Constructing a Sparse Matrix Class in Rcpp

Zach DeBruine and Dirk Eddelbuettel — written Apr 16, 2021 — source

Introduction

It is no secret that sparse matrix operations are faster in C++ than in R. RcppArmadillo and RcppEigen do a great job copying sparse matrices from R to C++ and back again. But note the word “copy”. Every time RcppArmadillo converts an R sparse matrix to an arma::SpMat<T> object, it has to creates a deep copy due to the difference in representation between dense matrices (usually occupying contiguous chunks of memory) and sparse matrices (which do not precisely because of sparsity). Similarly, every time RcppEigen converts an R sparse matrix to an Eigen::SparseMatrix<T> object, it also creates a deep copy.

The price of instantiating sparse matrix object is measurable in both time and memory. But one of the advantages of types such as Rcpp::NumericVector is that they simply re-use the underlying memory of the R object by wrapping around the underlying SEXP representation and its contiguous dense memory layout so no copy is created! Can we create a sparse matrix class using Rcpp::NumericVector and Rcpp::IntegerVector that uses them similarly as references rather than actual deep-copy of each element?
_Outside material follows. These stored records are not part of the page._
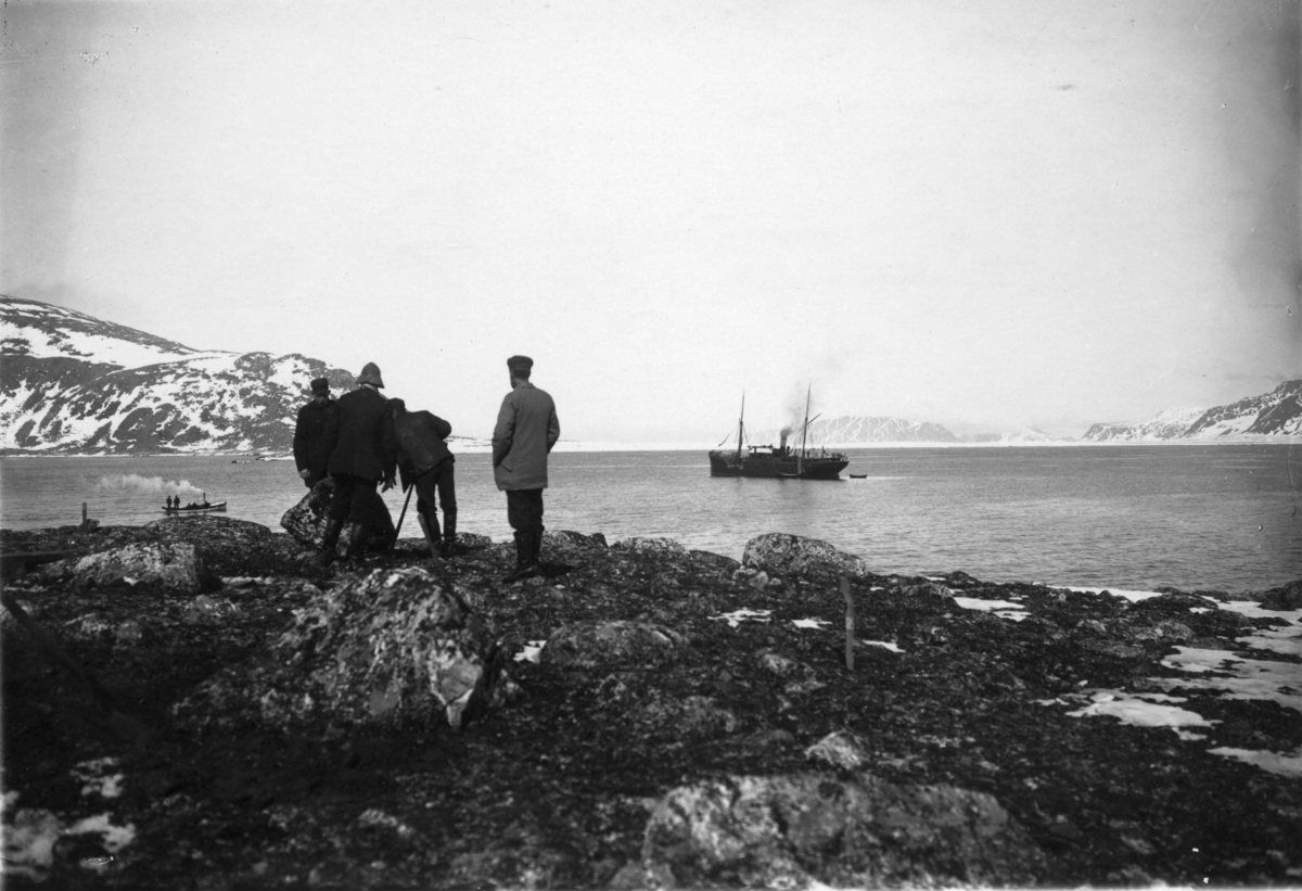 Platsen för ballonghuset markeras. Andrée till vänster och sannolikt Ekholm till höger.
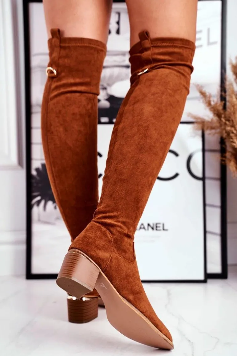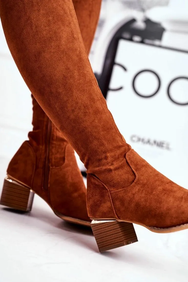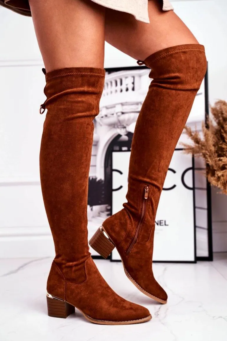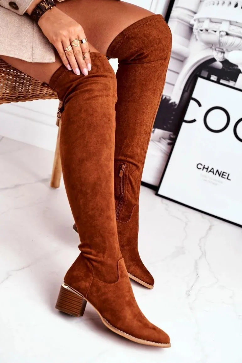 Kozaki damskie do kolana eko-zamsz camel Can’t Stop
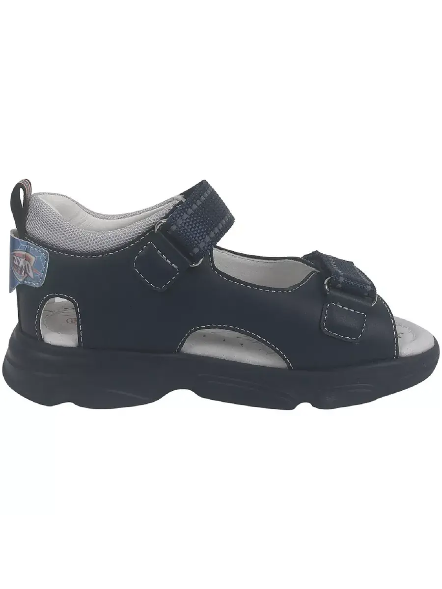Сандалии для мальчика со стелькой из натуральной кожи, подошвой из ЭВА, которая придаст комфорт при ходьбе благодаря своей эластичности и мягкости и верхом из искусственной кожи. Регулируемая полнота за счет застежек-липучек.

Structure of a `dgCMatrix`

We will focus on the dgCMatrix type, the most common form of compressed-sparse-column (CSC) matrix in the Matrix package. The dgCMatrix class is an S4 object with several slots:

library(Matrix)
set.seed(123)
str(rsparsematrix(5, 5, 0.5), vec.len = 12)
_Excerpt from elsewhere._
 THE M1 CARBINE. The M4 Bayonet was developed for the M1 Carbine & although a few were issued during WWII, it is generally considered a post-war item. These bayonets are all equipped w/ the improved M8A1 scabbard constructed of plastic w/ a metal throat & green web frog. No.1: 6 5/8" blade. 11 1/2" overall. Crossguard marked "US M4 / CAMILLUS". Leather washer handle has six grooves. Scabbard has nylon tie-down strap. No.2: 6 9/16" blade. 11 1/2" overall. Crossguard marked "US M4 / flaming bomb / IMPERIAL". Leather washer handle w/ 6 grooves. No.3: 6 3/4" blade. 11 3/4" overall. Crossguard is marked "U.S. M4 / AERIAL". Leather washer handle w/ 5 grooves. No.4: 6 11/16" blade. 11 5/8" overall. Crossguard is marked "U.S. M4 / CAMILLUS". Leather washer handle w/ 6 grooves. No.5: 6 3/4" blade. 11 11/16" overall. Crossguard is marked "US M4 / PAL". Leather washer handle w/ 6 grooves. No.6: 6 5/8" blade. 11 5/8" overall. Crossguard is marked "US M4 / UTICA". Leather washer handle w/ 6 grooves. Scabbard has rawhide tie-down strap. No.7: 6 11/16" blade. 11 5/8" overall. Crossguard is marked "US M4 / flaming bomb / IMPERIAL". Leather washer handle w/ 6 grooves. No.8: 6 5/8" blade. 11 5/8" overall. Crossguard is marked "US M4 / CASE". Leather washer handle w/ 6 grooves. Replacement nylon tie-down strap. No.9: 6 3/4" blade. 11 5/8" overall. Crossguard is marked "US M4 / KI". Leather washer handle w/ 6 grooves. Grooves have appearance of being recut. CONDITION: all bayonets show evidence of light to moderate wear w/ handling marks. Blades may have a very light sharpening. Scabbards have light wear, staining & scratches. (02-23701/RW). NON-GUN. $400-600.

Formal class 'dgCMatrix' [package "Matrix"] with 6 slots
  ..@ i       : int [1:12] 2 4 0 3 4 0 3 4 2 3 0 2
  ..@ p       : int [1:6] 0 2 5 8 10 12
  ..@ Dim     : int [1:2] 5 5
  ..@ Dimnames:List of 2
  .. ..$ : NULL
  .. ..$ : NULL
  ..@ x       : num [1:12] 0.5 -1 0.83 -0.056 2.5 0.24 1.7 1.3 0.55 -1.7 -0.78 1.3
  ..@ factors : list()

Here we have:

Slot i is an integer vector giving the row indices of the non-zero values of the matrix
Slot p is an integer vector giving the index of the first non-zero value of each column in i
Slot x gives the non-zero elements of the matrix corresponding to rows in i and columns delineated by p

Realize that i and p are integer vectors, and x is a numeric vector (stored as a double), corresponding to Rcpp::IntegerVector and Rcpp::NumericVector. That means that we can construct a sparse matrix class in C++ using Rcpp vectors!

A dgCMatrix reference class for Rcpp

A dgCMatrix is simply an S4 object containing integer and double vectors, and Rcpp already has implemented exporters and wrappers for S4 objects, integer vectors, and numeric vectors. That makes class construction easy:

#include <Rcpp.h>

namespace Rcpp {
    class dgCMatrix {
    public:
        IntegerVector i, p, Dim;
        NumericVector x;
        List Dimnames;

        // constructor
        dgCMatrix(S4 mat) {
            i = mat.slot("i");
            p = mat.slot("p");
            x = mat.slot("x");
            Dim = mat.slot("Dim");
            Dimnames = mat.slot("Dimnames");
        };

        // column iterator
        class col_iterator {
          public:
            int index;
            col_iterator(dgCMatrix& g, int ind) : parent(g) { index = ind; }
            bool operator!=(col_iterator x) { return index != x.index; };
            col_iterator& operator++(int) { ++index; return (*this); };
            int row() { return parent.i[index]; };
            int col() { return column; };
            double& value() { return parent.x[index]; };
          private:
            dgCMatrix& parent;
            int column;
        };
        col_iterator begin_col(int j) { return col_iterator(*this, p[j]); };
        col_iterator end_col(int j) { return col_iterator(*this, p[j + 1]); };
        
    };

    template <> dgCMatrix as(SEXP mat) { return dgCMatrix(mat); }

    template <> SEXP wrap(const dgCMatrix& sm) {
        S4 s(std::string("dgCMatrix"));
        s.slot("i") = sm.i;
        s.slot("p") = sm.p;
        s.slot("x") = sm.x;
        s.slot("Dim") = sm.Dim;
        s.slot("Dimnames") = sm.Dimnames;
        return s;
    }
}

In the above code, first we create a C++ class for a dgCMatrix in the Rcpp namespace with public members corresponding to the slots in an R Matrix::dgCMatrix. Second, we add a constructor for the class that receives an S4 R object (which should be a valid dgCMatrix object). Third, we add a simple forward-only sparse column iterator with read/write access for convenient traversal of non-zero elements in the matrix. Finally, we use Rcpp::as and Rcpp::wrap for seamless conversion between R and C++ and back again.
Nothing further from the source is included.